Biography
The act of painting is self-reflective in nature. Raised in Little Rock, Arkansas, my immediate environment was in a regular state of flux and entirely consumer-driven. Hastiness in project completion always compromising dependability, storefronts would open and were promptly replaced with new ones, cellular towers erected, and homes fabricated with the façade of stability employing the cheapest labor possible.
My position as an Admission Counselor for Cornish College of the Arts requires that I travel to various parts of Washington state. Recognizing that many of these pass-through towns shared a similar strip mall landscape to that of Little Rock, I often left with an overwhelming feeling of displacement and vulnerability.

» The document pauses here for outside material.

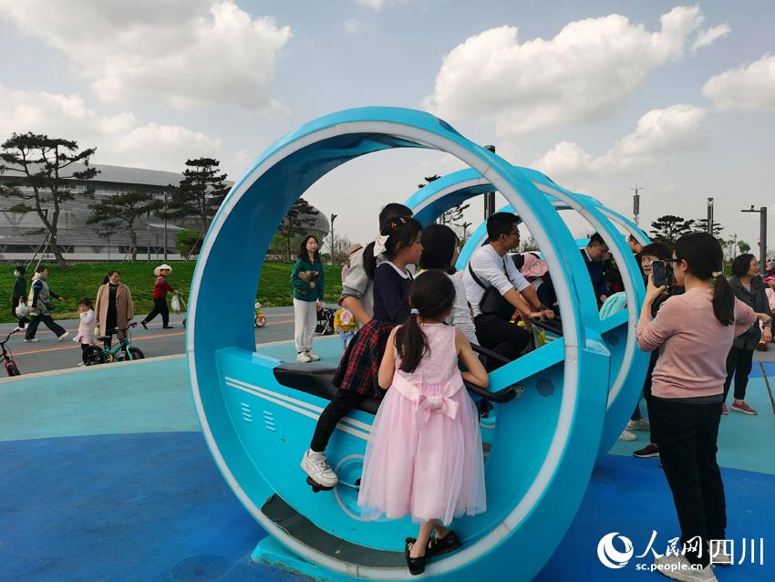 在這個“熊貓火炬手”的對面,一條“體育星光大道”綿延鋪展而來。在這條路上,每隔一段距離就會有一組圖標和漢字,標注著某一項體育運動,如網(wǎng)球、跳水等。這個構(gòu)思,從整體上詮釋了大運會蘊含的眾多體育項目,也能讓那些偏好某個項目的游客找到喜歡的體育坐標點,提升起體育游園的氣氛。

As a result, for the past three years my work has been devoted to a personal reflection of landscape through the use of mixed wet and dry media on paper. Reliant on the cyclical nature of time, the landscape holds the promise of building and the compromise of erosion. Continually dotted by our patterns of impermanent, decorative structures, an affirmation of spectacle is renewed. As a painter I am particularly interested in the expansive qualities of these tropes.
Landscape interpretation, dependent on the gaze of the viewer, offers a substitution of authorship that I often attempt to address in the development of a piece. Scale, human presence, and the stir of unforeseen struggle are elements also regularly encountered in the development of these portraits.